The KNIME Analytics Platform provides various types of columns, i.e. cell types. These types can be doubles, ints, strings but also complex types such as Documents are XML cells. On each cell type different nodes can be applied e.g. String Manipulations on string cells, formulas on number cells or e.g. XPath on XML cells and text processing operation such as stop word filtering on document cells. Some types can be converted into others types. You can find the type of a column in the spec information of the data table view (second tab).

The HTML parser in your example produces XML cells. These cells can be processed with the XML nodes. XML can be converted e.g. to strings. To make use of the Textprocessing node you need Document cells. To create Document cells use the parser nodes or the Strings to document, or the content extractor as in your example.To extract fiels of documents back to string, use the Document Data Extractor. To extract field from XML use the XPath node. To process XML use the XML nodes, for JSON use the JSON nodes.

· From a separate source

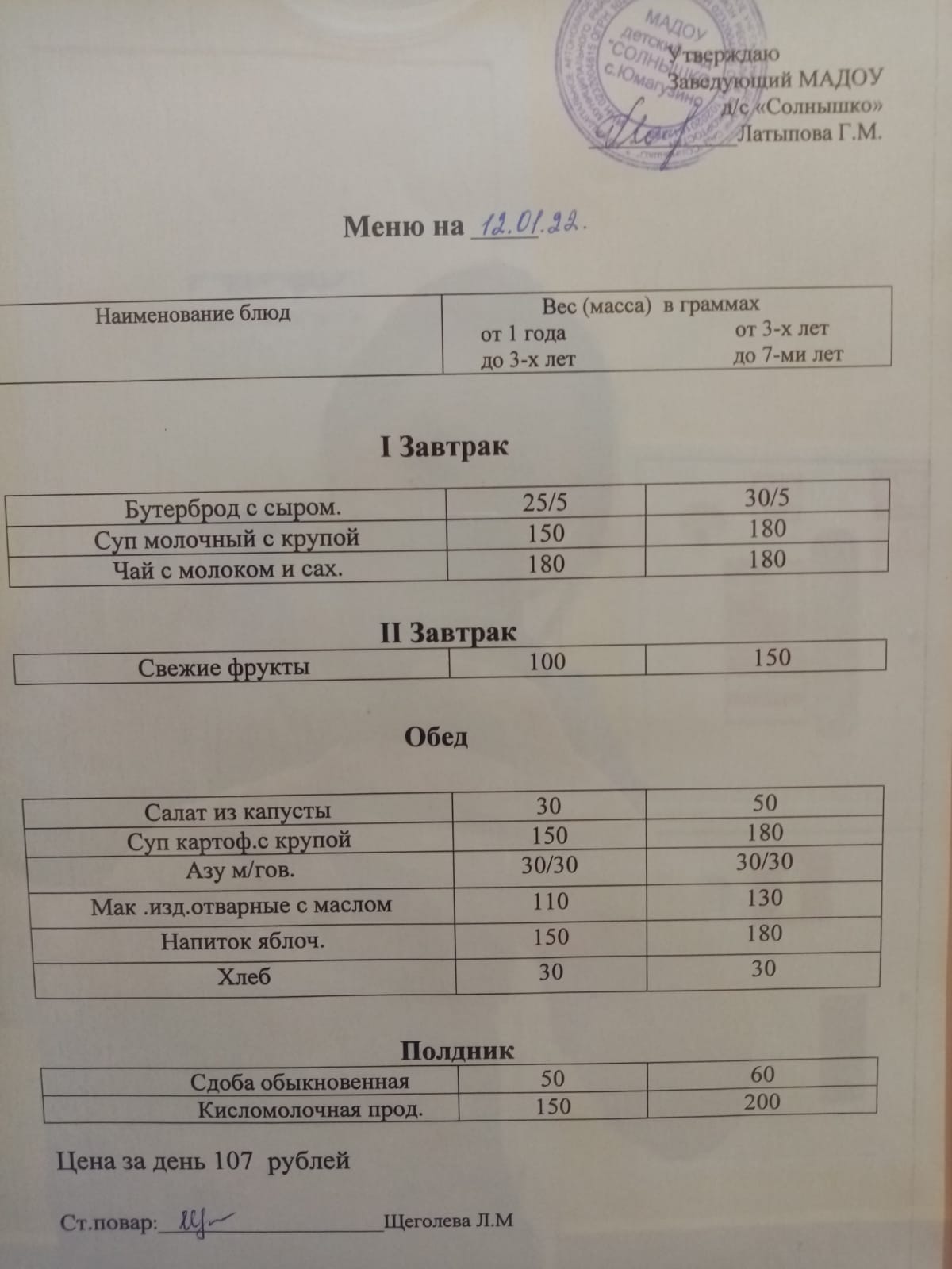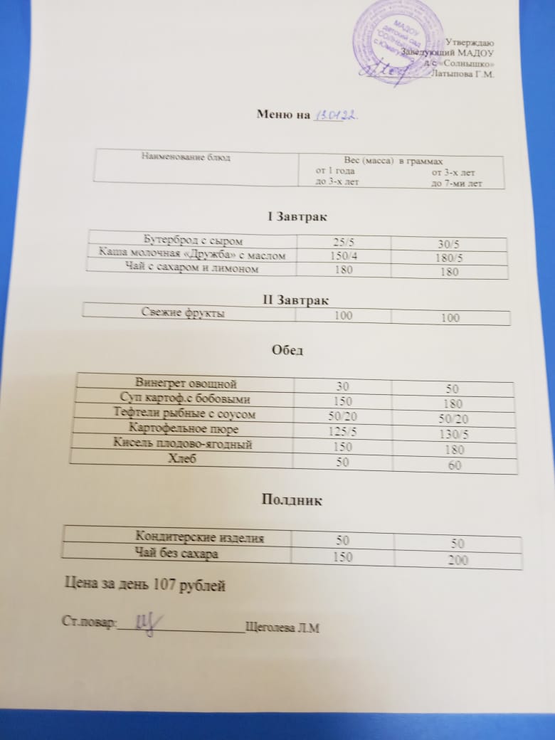 Организация питания в МАДОУ детский сад «Солнышко» с. Юмагузино
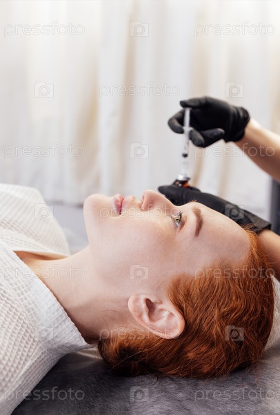 Женщина с рыжими волосами получает лечение лица в спа-салоне, а профессионал наносит сыворотку с помощью шприца, демонстрируя техники ухода за кожей и релаксации

In your example you use the Content Extractor to create document cells. After this node you can now use node of the Textprocessing extension to process these document and e.g. filter or stem them.

String <-> Documents
Strings to Document
Document Data Extractor
Term to String
String to Term
Tag to String

String <-> JSON
JSON nodes

String <-> XML
XML nodes
Html Parser

Cheers, Kilian

ifimsasa · December 31, 2018, 6:21am

Hello Kilian,
I had posted a query as a new thread but then saw this was a related thread so am posting here. Please help.
This is about Sentiment Analysis Using Lexicon Approach
My workflow starts with a ‘Table Creator’ which has two columns: a Text and a sentiment column
I map the Sentiment to Category in String to Document node.
I have reused the steps from the Example given in the community server for the rest of the steps.
In the end,
Towards the end of the workflow there is a Category to Class Node and it adds a Document Class column. Where does it get this column from? Is this the same as Sentiment Label in the data input from the ‘Table Creator’ step?

Thanks,
Sasa

julian.bunzel · January 8, 2019, 10:05am

Hey @ifimsasa,

the Category To Class node creates a class column from the documents category.
Since you have selected your sentiment column as category in the Strings To Document node, the new class column should be the same as your previous sentiment column.

Cheers,
Julian

ifimsasa · January 11, 2019, 2:36pm

Thanks!
I was able to see that Category in Strings to Doc was getting carried over to this field.

badger101 · May 22, 2020, 10:37pm

Hi @julian.bunzel can you elaborate further on what is the role of this Category to Class node in sentiment analysis for lexical approach? Thanks

ScottF · May 26, 2020, 2:37pm

Hi @badger101 -

When you originally create a document column using the String to Document node, you can also set certain metadata fields like author, source, category, and so on. This metadata is retained as part of the document throughout the workflow (you can examine it with the Document Viewer node at any point).

In the Lexicon Based Approach for Sentiment Analysis workflow, we have calculated a predicted sentiment score based on the frequency of how often different positive/negative words appear. To use the Scorer node and see how accurate the predictions are, we also need to have the true category as an explicit field again in the dataset. And that is what the Category to Class node does - it pulls out the category metadata we had originally defined, and puts it in a new column called Document class.

Does that help?

badger101 · June 2, 2020, 9:05pm

Thanks @ScottF , yes it’s all clear now.

system · June 2, 2023, 9:42pm

This topic was automatically closed 90 days after the last reply. New replies are no longer allowed.